Well, the example you give is somewhat messy, but with some syntactic sugaring
it becomes trivial.
(match '(THE QUICK (COLOR) FOX (VERB) OVER THE LAZY (ANIMAL))
'(THE QUICK BROWN FOX JUMPS OVER THE LAZY DOG ))
A one-level one-word matcher like this is a suitable first or second undergrad
LISP class homework problem.
The farther you get into the matching, the messier it gets. Part of the
question is what kind of input strings you are trying to match: are they
flat, or do they contain structure (i.e., text vs. nested S-expressions).
For the former, look in any competent computational linguistics text, or even
a good mainstream AI text that hits computational linguistics (both Winston's
book and Elaine Rich's book do this; see also Winston & Horn _LISP_, which has
a fair amount on parsing and "understanding" English with augmented transition
trees). For the latter, dig into theorem proving and the unification algorithm.

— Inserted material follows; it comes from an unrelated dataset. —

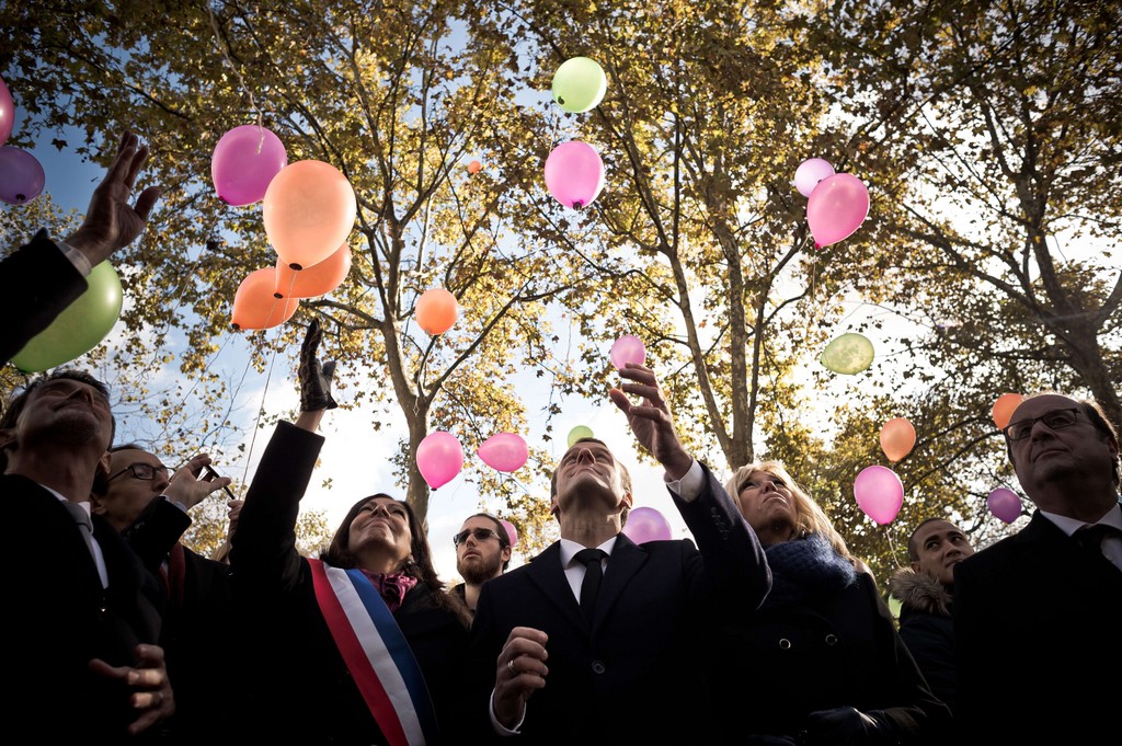 法國巴黎連環恐攻至今已過了兩年,當地民間團體13日舉行紀念活動,總統馬克宏與夫人布莉姬也到場致意並慰問罹難者家屬。馬克宏夫婦前往法蘭西體育場、位於巴黎10區和11區一帶的許多餐廳、小酒館以及巴塔克蘭劇院(Bataclan)等當年的恐攻地點,也與眾人一起釋放彩色氣球,場面令人動容。法國前總統歐蘭德、巴黎市長伊達爾戈(Anne Hidalgo)等人也參加了這場紀念活動。

In article <·····················@mksol.dseg.ti.com> ······@mksol.dseg.ti.com (john r strohm) writes:
>
>In other words, it's a pattern-matcher, but it associates the things it
>matches with symbols to represent them. Does that make sense?
Well, the example you give is somewhat messy, but with some syntactic sugaring
it becomes trivial.
(match '(THE QUICK (COLOR) FOX (VERB) OVER THE LAZY (ANIMAL))
'(THE QUICK BROWN FOX JUMPS OVER THE LAZY DOG ))
A one-level one-word matcher like this is a suitable first or second undergrad
LISP class homework problem.
The farther you get into the matching, the messier it gets. Part of the
question is what kind of input strings you are trying to match: are they
flat, or do they contain structure (i.e., text vs. nested S-expressions).
it isn't all that much trouble to write the lisp equivalent of
prolog's dcgs if you use continuation passing style.